On Sun, Oct 6, 2013 at 4:39 PM, Gabriel Becker <gmbecker at ucdavis.edu> wrote:

> Hey Brian et al,
>
> Just checking in to see if you and/or other team members are still
> interested in meeting in person and chatting about some of the ideas we had
> been discussing in this thread.
>
> Happy to also continue the conversation here in the meantime.
>
> ~G
>
>
> On Tue, Sep 10, 2013 at 6:32 PM, Gabriel Becker <gmbecker at ucdavis.edu>wrote:
>
>> Brian et al,
>>
>> Brian I hope your move/travel/etc was as pleasant as such things can be.
>>
>>
>> On Fri, Jul 12, 2013 at 9:21 AM, Brian Granger <ellisonbg at gmail.com>wrote:
>>
>>>  Gabriel,
>>> <snip>
>>>
>>>
>>> Great, let's talk in Sept. to figure out a time that would work.
>>>
>>
>> I'm still quite interested in meeting with you guys. Somewhere near the
>> end of the month would be best for me, but I'm pretty flexible.
>>
>>
>>> <snip>
>>>
>>>  > Branching/DAG notebooks allow a single document to encompass the
>>> research
>>> > you did, while providing easy access to various views corresponding to
>>> the
>>> > generation of intermediate, alternative, and final results.
>>> >
>>> > These more complex notebooks allow the viewer to ask and answer
>>> important
>>> > questions such as "What else did (s)he try here?" and potentially even
>>> "Why
>>> > did (s)he choose this particular analysis strategy?". These questions
>>> can be
>>> > answered in the text or external supplementary materials in a linear
>>> > notebook, but this is a significant barrier to reproducibility of the
>>> > research process (as opposed to the analysis results).
>>>
>>> I can see that, however, I think the pure alt cells lack a critical
>>> feature.  They treat all branches as being equally important.  In
>>> reality, the branch that is chosen as the "best" one will likely
>>> require further analysis and discussion that that other branches
>>> don't.  Putting the different branches side by side makes it a little
>>> like "choose your own adventure" - when in reality, the author of the
>>> research want to steer the reader along a very particular path.  The
>>> alternative paths maybe useful to have around, but they should be be
>>> given equal weight as the "best" one.  But, maybe it is just
>>> presentation and can be accounted for in descriptive text.
>>>
>>
>> This is very true. My current thinking calls for both a "default"
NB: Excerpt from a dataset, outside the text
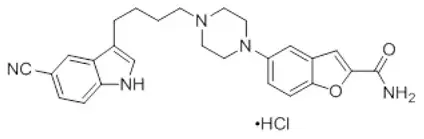 Vilazodon HC1 je 2-benzofurancarboxamid 5- [4- [4- (5-Cyano-1H-3-3-yl) butyl] -1-piperazinyl]-hydrochlorid (1: 1). Jeho molekulová hmotnost je 477,99. Strukturální vzorec je:
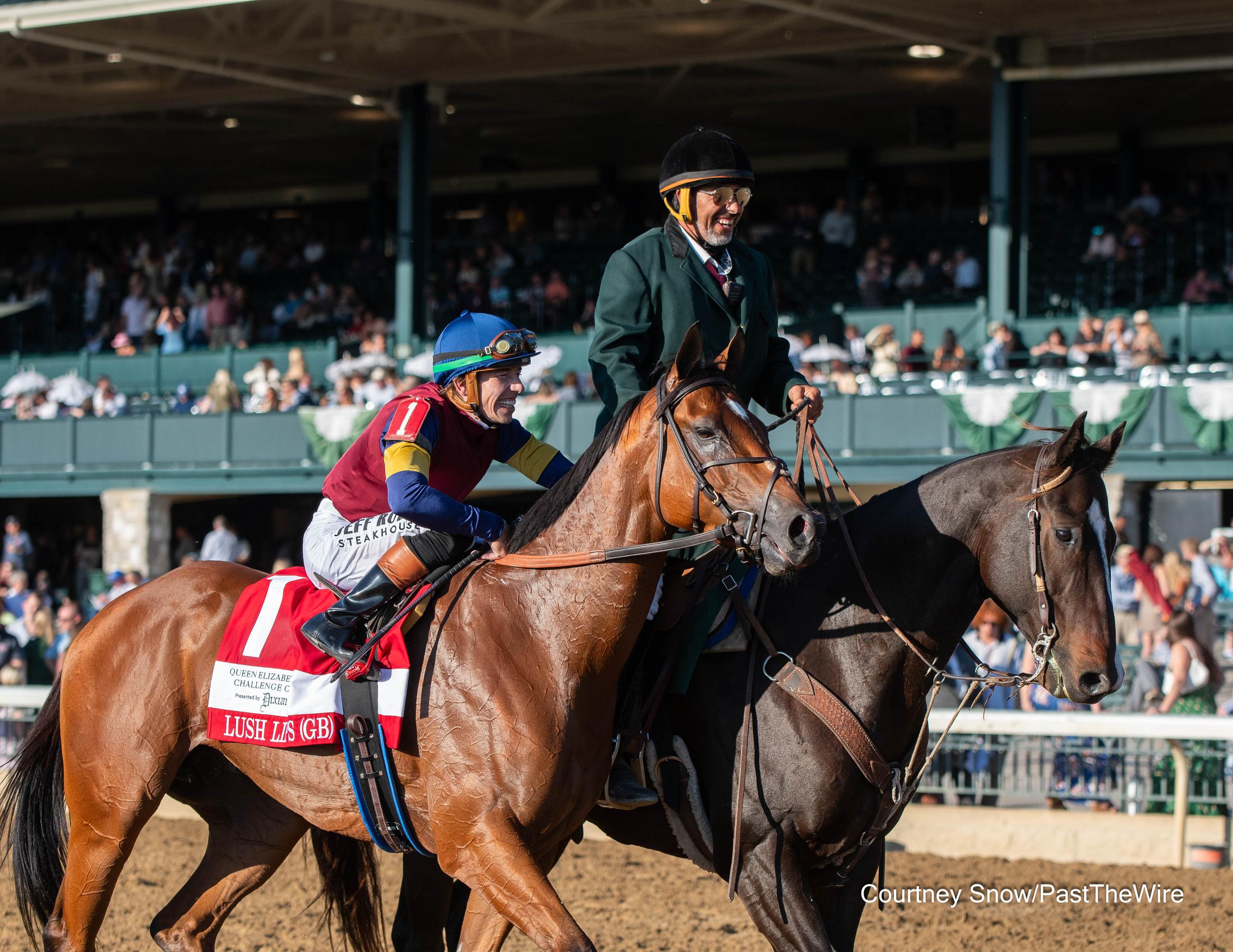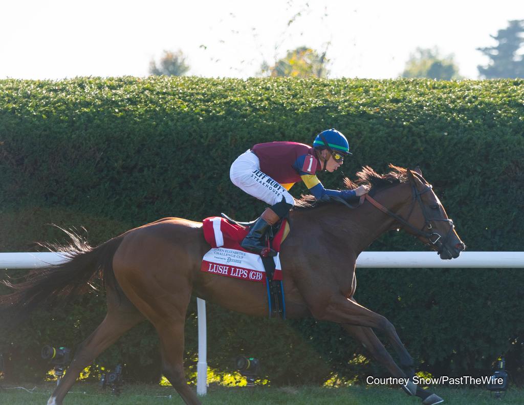 LEXINGTON, Ky. – Medallion Racing, Parkland Thoroughbreds, Hoffman Thoroughbreds, Mrs. Paul Shanahan and Mrs. M.V. Magnier’s Lush Lips (GB) powered past pace-setting Opulent Restraint (IRE) nearing the eighth pole en route to a 1¼-length victory in the 42nd running of the $800,000 Queen Elizabeth II Challenge Cup (G1) Presented by Dixiana for 3-year-old fillies Saturday afternoon.

>> designation and a "most recently selected/run" designation, which I believe
>> deals with the valid concern you raise above.
>>
>> There are also other important designations for "branch types". The most
>> notable/easily explained of these is the concept of a "terminal" branch,
>> which is a branch that records important computations (and prose), and
>> which a viewer of the notebook  (be it the original author, a reviewer, a
>> student, or someone looking to extend the work) may want to look at or run,
>> but whose output is not compatible with the subsequent computations. This
>> arises most commonly when one analysis strategy is implemented and pursued,
>> but ultimately abandoned  (hopefully for good reasons, and with this we can
>> check!) in favor of a different final strategy which produces incompatible
>> output. The subsequent code then makes assumptions about the output which
>> are compatible with the final strategy computations, but not the original
>> strategy ones. A way to gracefully deal with this case is important for any
>> document/processing/rendering system attempting to pursue these concepts.
>>
>> There are other cases that arise with these documents, but I will omit a
>> detailed discussion of them and what I think should be done to support them
>> here, as that would make this mail burdensomely long and it is not my
>> primary message.
>>
>> I will note, though, that while I agree that the final/core/whathaveyou
>> and secondary/informative/archival branches should not be
>> indistinguishable, it is important for my usecase that they be easily
>> accessible when the reader wants to in both interactive (notebook) and
>>
>>
>>> <snip>
>>>
>>>
>>> > As a practical/UI standpoint unselected branches can be hidden almost
>>> > entirely (in theory, not currently in my PoC :p), resulting in a view
>>> > equivalent to (any) the only view offered by a linear notebook. This
>>> means
>>> > that from a viewer (and author since a straight line IS a DAG and
>>> nesting
>>> > isn't forced) standpoint, what I'm describing is in essense a strict
>>> > extension of what the notebook does now, rather than a change.
>>>
>>> I would be *more* interested in alt-cell approaches that present the
>>> notebook as a linear entity in all cases, but that has the alt-cell
>>> logic underneath.  For example, what about the following:
>>>
>>> * A user writes the different N alt cells in linear sequence
>>> * The result is a purely linear notebook where one of the N cells should
>>> be run.
>>> * We write a JavaScript plugin for the notebook that does a couple of
>>> things:
>>>
>>> 1. It provides a cell toolbar for marking those cells as members of an
>>> alt-set.  This would simple modify the cell level metadata and allow
>>> the author to provide titles of each alt-member.
>>>
>>
>> What about branching that is 2 or more levels deep? That happens
>> naturally with my approach but sounds difficult/annoying to keep track of
>> in the one you are describing.
>>
>>
>>> 2. It provides the logic for building a UI for viewing one of the
>>> alt-set members at a time.  It could be as simple as injecting a drop
>>> down menu that shows one and hides the rest.
>>>
>>
>> I have an ugly but functional version of this now in my implementation.
>>
>>
>>>
>>> * This plugin could simple walk the notebook cells and find all the
>>> alt-cell sets and build this supplementary UI.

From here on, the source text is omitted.